* _The task_
Word for word, restate the lines of the listing below from the line with "둘째딸이 친자 불일치로 나왔던 아재근황.jpg" through the line with "Dom jest nowy", and do not include the pictures.

(Task inputs)

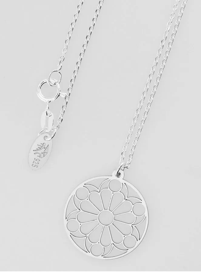 Religious Necklace & Stained Glass Pendant - 925 Silver, this pretty chain + pendant set is made of 925 sterling silver. The anchor chain measures 42cm and the pendant has a diameter of 20mm.
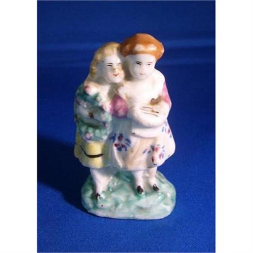 This charming Victorian Staffordshire figure shows two Kate Greenaway style girls with polychrome painted highlights. It is a petite 4 inches in height and is of English origin circa 1880. There are no markings on the bottom, but the piece is in overall excellent condition with no damage or repairs.
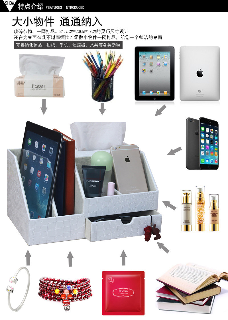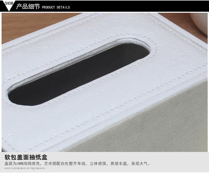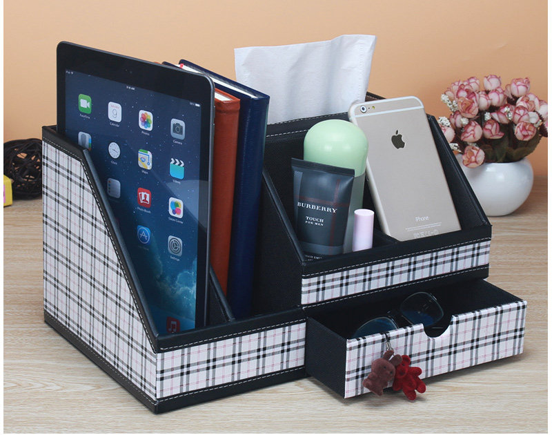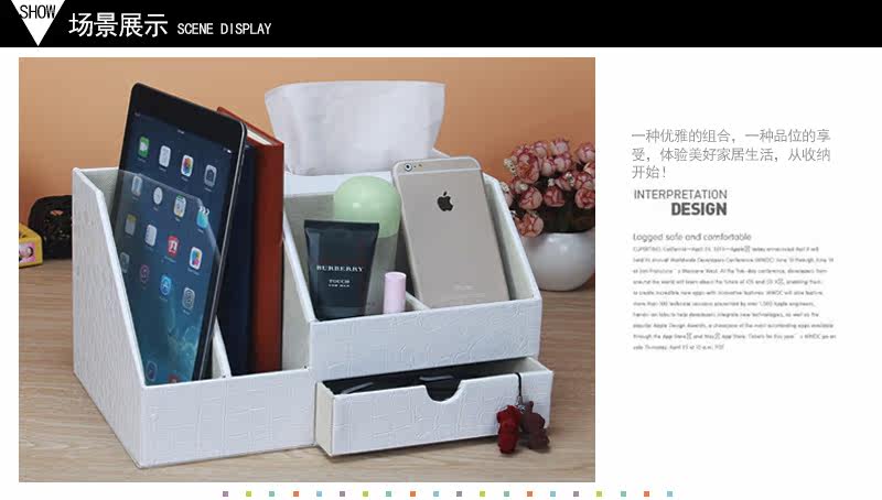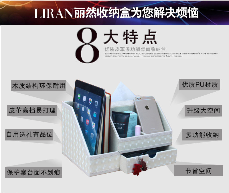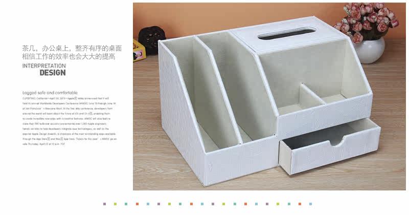 丽然创意皮革多功能纸巾盒木 抽屉式桌面书本整理收纳盒大 抽纸盒
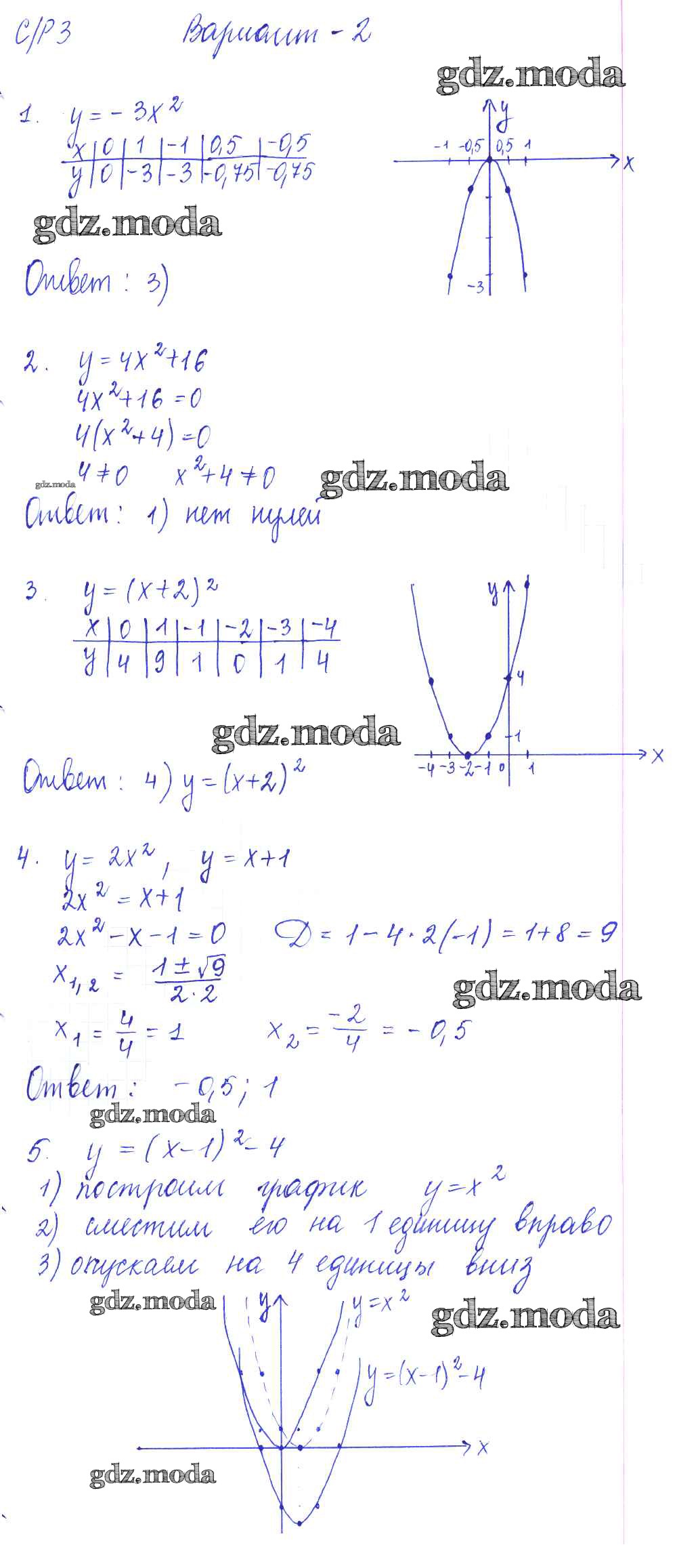 ОТВЕТ на задание № вариант 2 Самостоятельные и контрольные работы по Алгебре 9 класс Глазков УМК
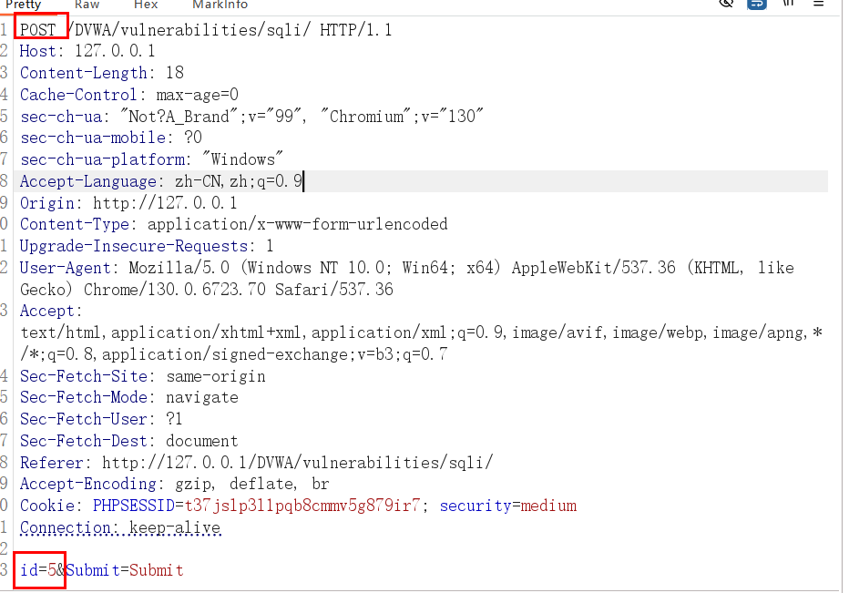 使用BP抓包,发现数据包为POST请求;在数据包中id=5 后按照Low 中的方法进行注入即可
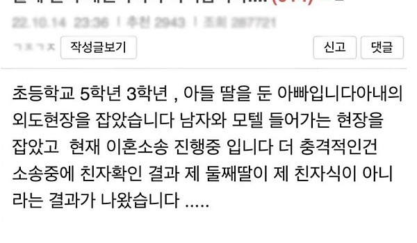 둘째딸이 친자 불일치로 나왔던 아재근황.jpg
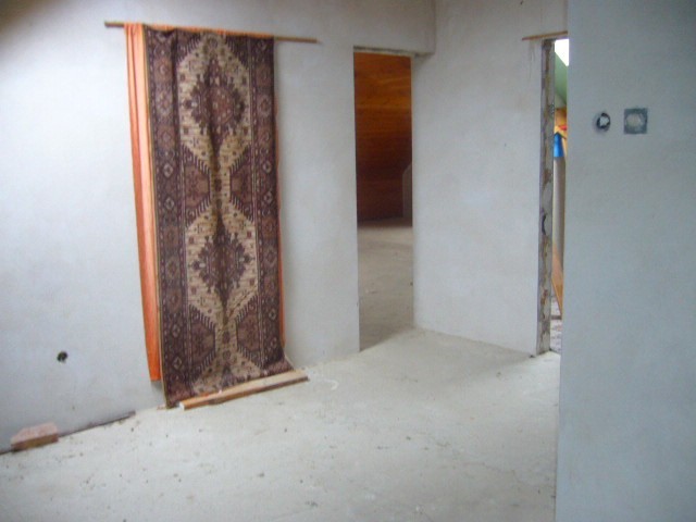 Dom jest nowy , ale wymaga jeszcze wykończenia.Budynek jest ocieplony pokryty tynkiem, dach wyłożony gontem, w pokojach rozprowadzona elektryka,woda, ściany wewnątrz w całym budynku pokryte tynkiem, podłgi wylewki betonowe ,schody wylane betonowe, na sufitach w niektórych pokojach wyłożona buazeria, brak co.
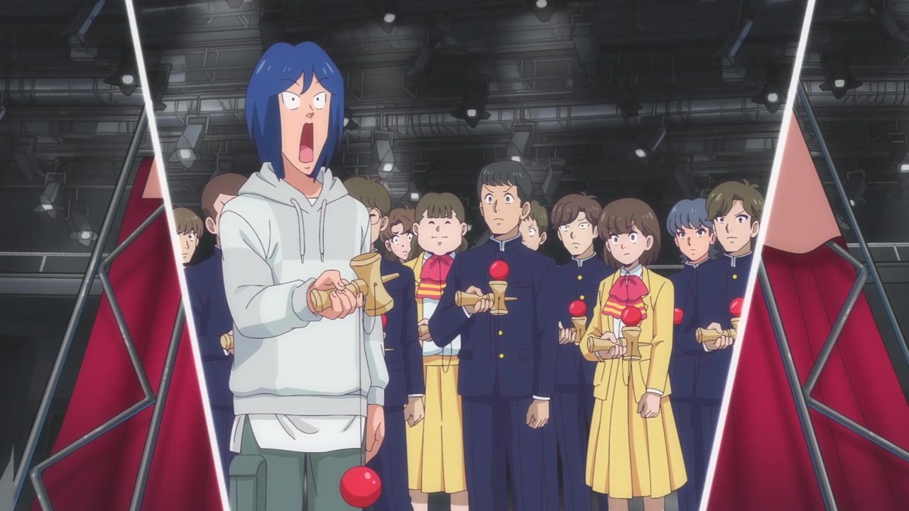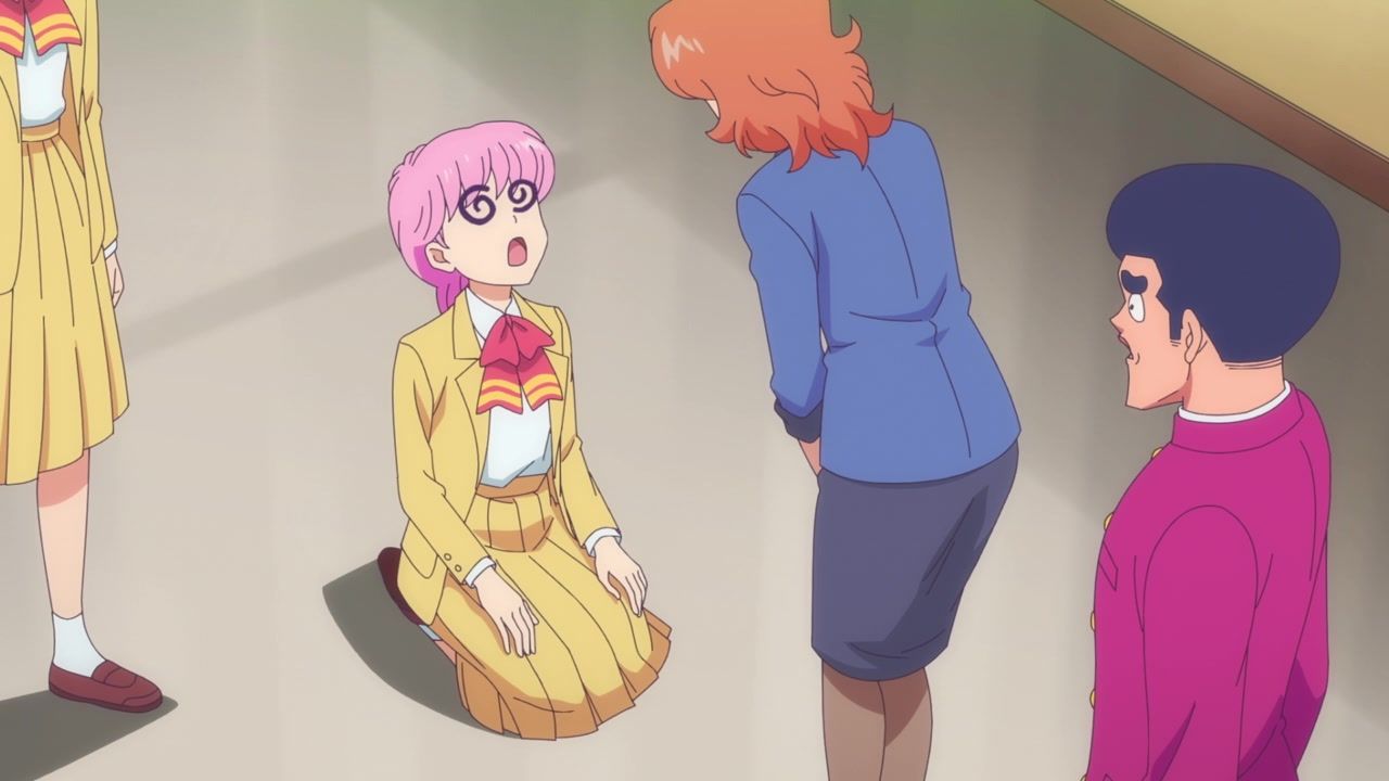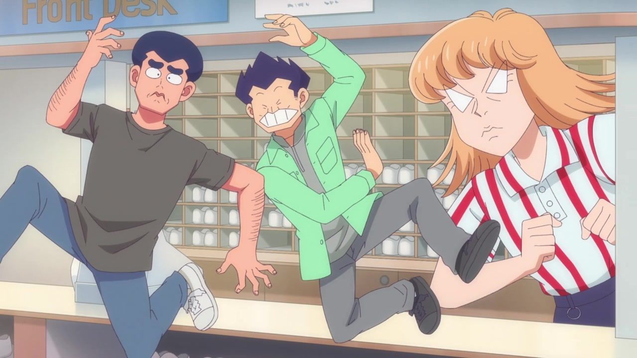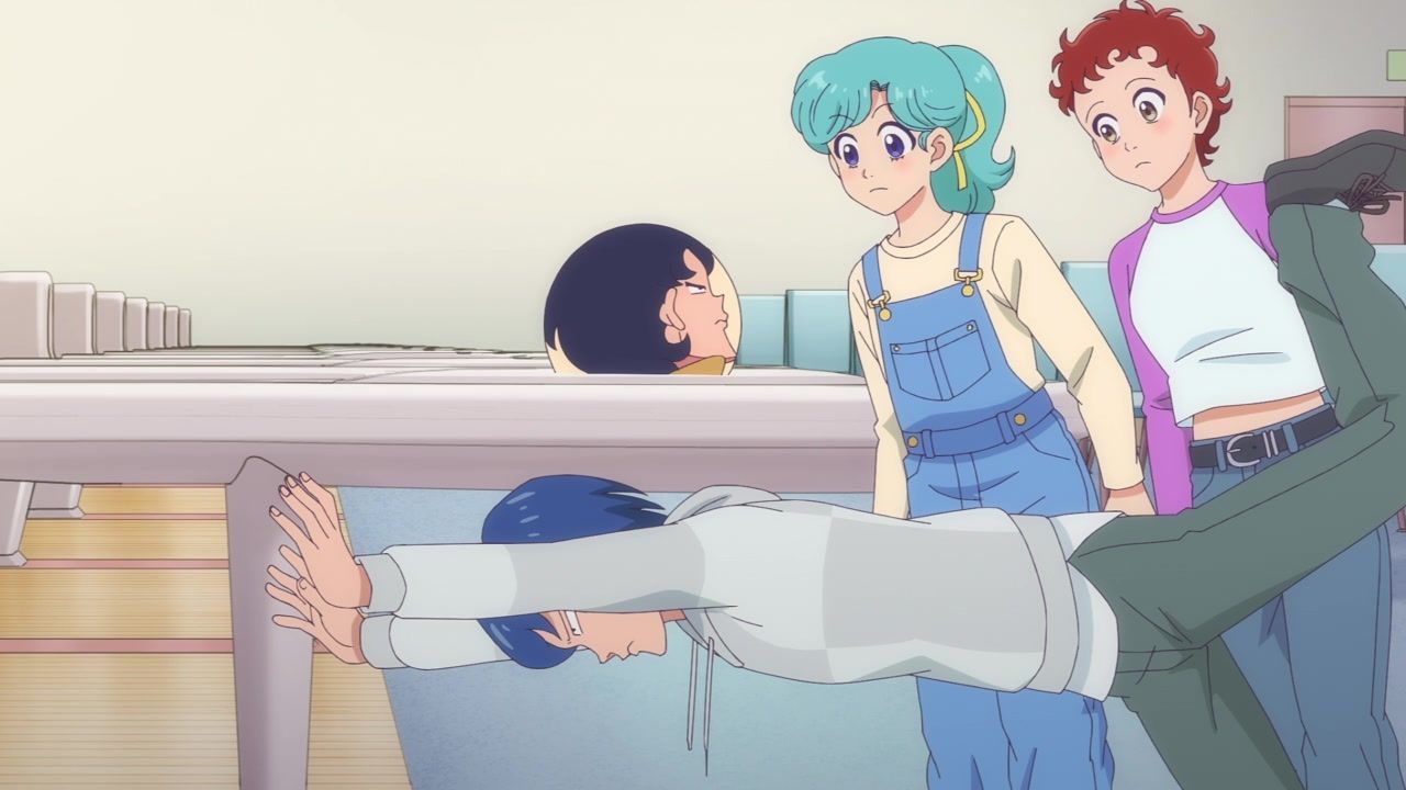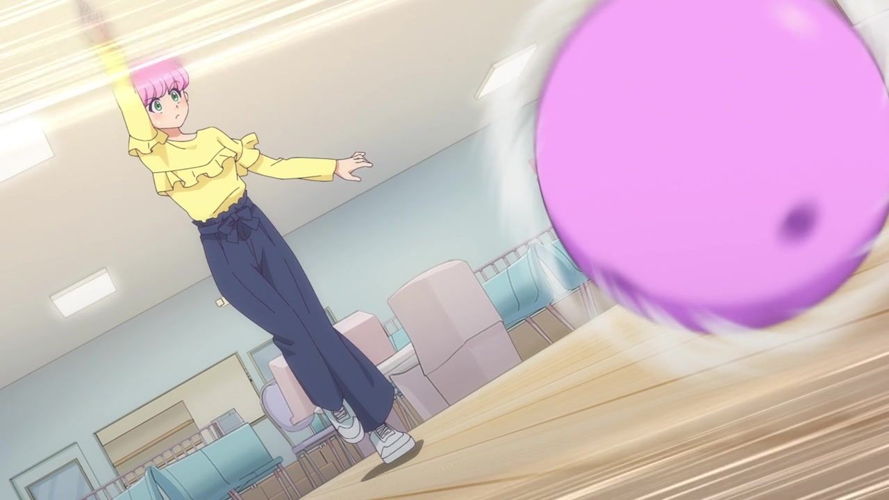 While I’m… appreciative, I suppose is the word, that this is carrying on the spirit of 90s ADHD slapstick, it’s not something I can say I enjoy. I also had the thought for a moment that it feels like forever since a show went to a bowling alley, but then I remembered that terrible time-slip bowling anime from a season or two ago and made myself mad at anime. For the record, this dude stretching his arm, getting sucked into the pin machine, and turned into a ball, was more realistic than the bowling was in that show.
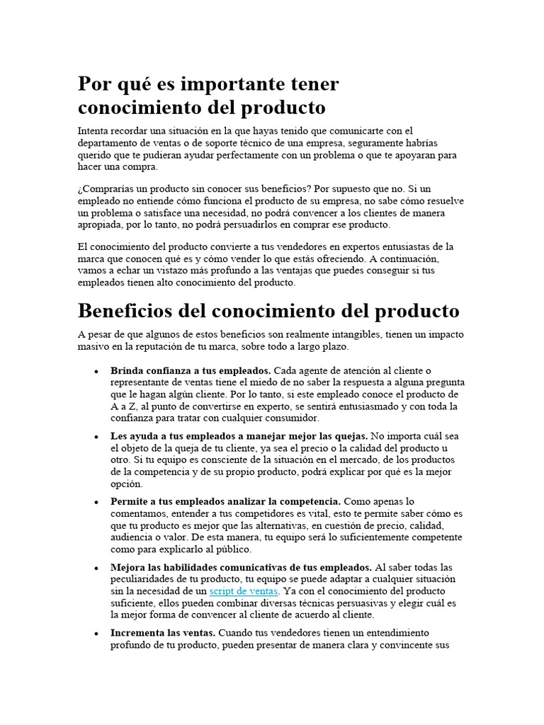 Conocimiento del producto | PDF | Producto (Negocio) | Conocimiento
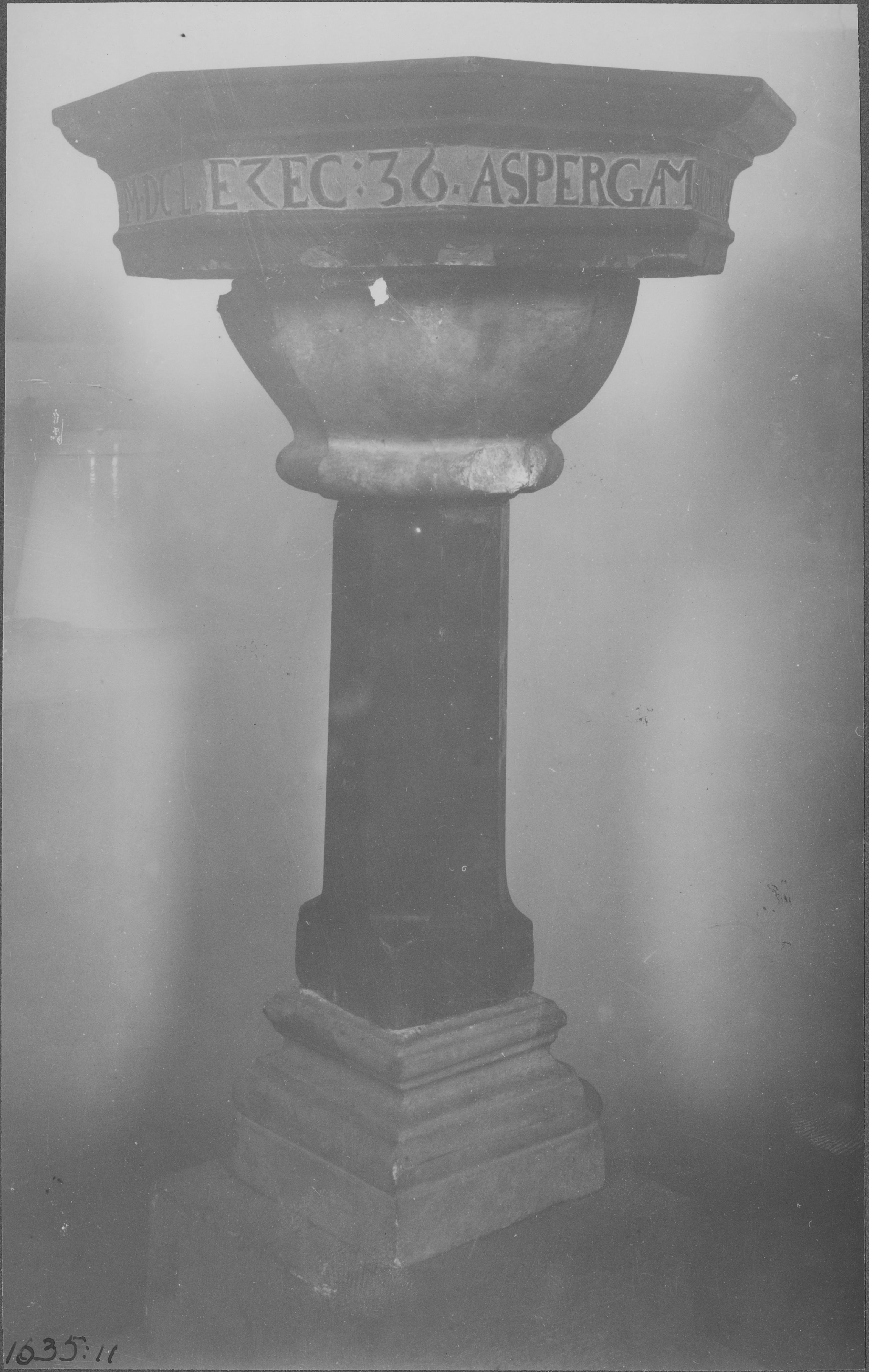 Beskrivning: Dopfunt av kalksten och alabaster, daterad 1650, av Börje Eriksson i Bäck. Från Snabbinventeringen 1921.
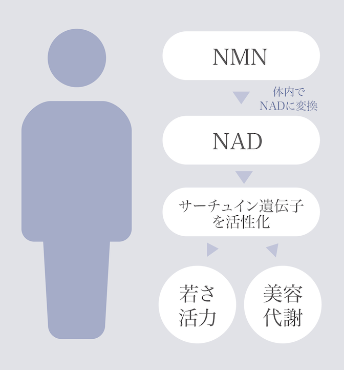 NAD+はミトコンドリアでエネルギー(ATP)を作るのに必須の補酵素であると同時に、老化や寿命を制御するサーチュイン遺伝を活性化すると言われており、加齢とともに体内でのNAD+量も急速に低下して、老化を引き起こしていると言われています。体内のNAD+量が上昇することで、老化を遅らせ、若々しく健康的な身体を保つことが期待されます。
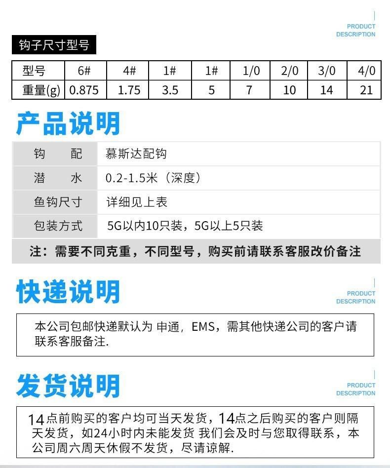 6#0.875G (50 1 pack), 4#1.75G(50 1 pack), 1#3.5G (50 1 pack), 1#5G (50 1 pack), 1/0-7g (50 1 pack), 2/0-10g (5...
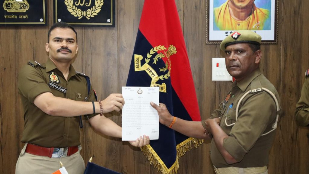 संभल। यूपी के जनपद सम्भल में पुलिस अधीक्षक कृष्ण कुमार ने यूपी 112 के निम्न कर्मचारी गण को उनके द्वारा किए गए सराहनीयकार्य के लिये प्रशस्ति पत्र प्रदान कर सम्मानित किया गया है,

(End Task inputs)

* _Written response_
 둘째딸이 친자 불일치로 나왔던 아재근황.jpg
 Dom jest nowy , ale wymaga jeszcze wykończenia.Budynek jest ocieplony pokryty tynkiem, dach wyłożony gontem, w pokojach rozprowadzona elektryka,woda, ściany wewnątrz w całym budynku pokryte tynkiem, podłgi wylewki betonowe ,schody wylane betonowe, na sufitach w niektórych pokojach wyłożona buazeria, brak co.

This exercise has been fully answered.